Decentralization is ‘extremely necessary’ for the development of crypto capital markets

Sang Lee feels that while advancements in blockchain technology have already left traditional banks in the dust, adoption has remained relatively low due to a number of variables.

If crypto capital markets are to become an institutional reality, one industry insider believes that decentralisation will be a critical factor.

Capital markets connect suppliers and people seeking capital to facilitate ostensibly efficient transactions.

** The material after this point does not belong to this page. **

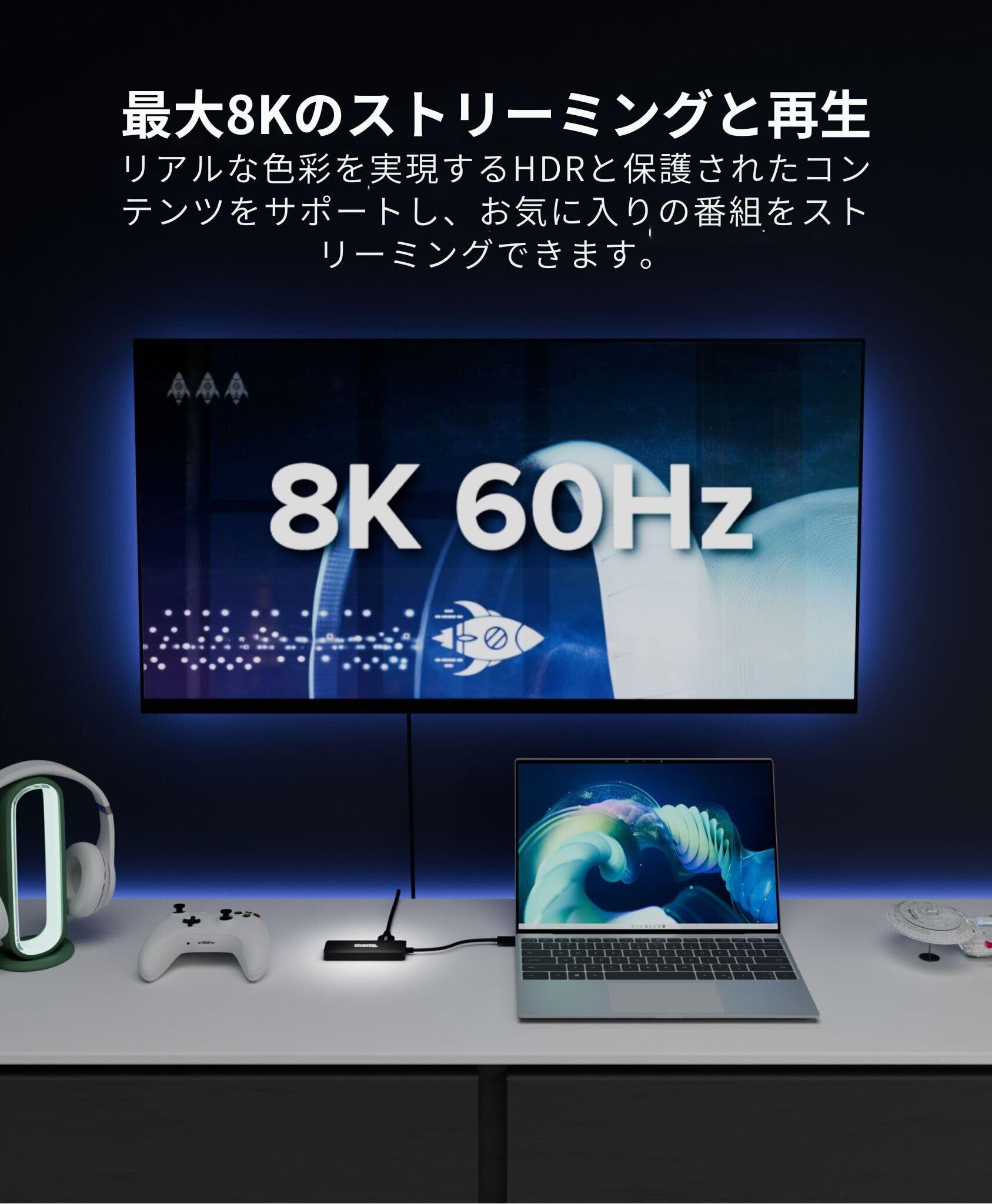 驚異の高解像度: 最大3台のUHDディスプレイを4K 60Hzで接続、または1台のディスプレイを最大8K 60Hzで出力可能。リフレッシュレート重視の方へ、最大2台のディスプレイを4K 144Hzで設定可能。

Often, investments or savings are channelled between fund providers such as banks and those in need of capital, such as enterprises, governments, and individuals.

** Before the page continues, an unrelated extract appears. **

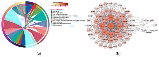 Lung cancer differentially expressed gene enrichment analysis and PPI network analysis of 13 dark biomarker genes. (a) The left side of the figure displays the top ten pathways from the KEGG enrichment analysis results. Specifically, we selected 54 genes in the TNF signaling pathway. (b) On the right side, the protein–protein interaction (PPI) analyses yield results indicating that seven dark biomarkers have node interactions with lung cancer significant difference genes.

Sang Lee, co-founder of crypto financial services provider VegaX Holdings, told  today that established financial institutions have been left behind by the crypto industry’s rapid growth.

VegaX Holdings is developing a suite of financial services based on cryptocurrency. Staking is supported on its VegaX decentralised finance (DeFi) platform, while its Konstellation network is a Cosmos-based DeFi environment (ATOM).

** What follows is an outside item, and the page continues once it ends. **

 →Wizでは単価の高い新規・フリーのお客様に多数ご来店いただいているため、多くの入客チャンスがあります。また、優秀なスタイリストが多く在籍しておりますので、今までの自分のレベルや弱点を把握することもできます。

Lee feels that decentralisation is likely the most critical factor in assisting crypto’s entry into capital markets. Decentralization entails the elimination of inefficient intermediaries in decision-making and transaction execution.

Lee lamented the present state of centralised payment platforms, stating, “You can’t transfer a wire over the weekend, which is abysmal.” And the frequency with which a stock changes hands when you purchase it is appalling.” He continued:

“We have advanced sufficiently to the point where we no longer require human intermediates. It was necessary previously, but is no longer.”

Intermediaries frequently raise the amount of fees paid and the time required to complete an investment, lowering potential returns. Eliminating them through decentralisation may be a realistic strategy for improving market efficiency and assisting investors in earning higher returns.

Lee also feels stablecoins will be critical in developing crypto’s capital markets. According to him, stablecoins have the greatest potential to outperform other digital assets and even fiat currency, owing to the fact that the majority of stablecoins, such as Tether (USDT) and Dai (DAI), remain denominated in US dollars.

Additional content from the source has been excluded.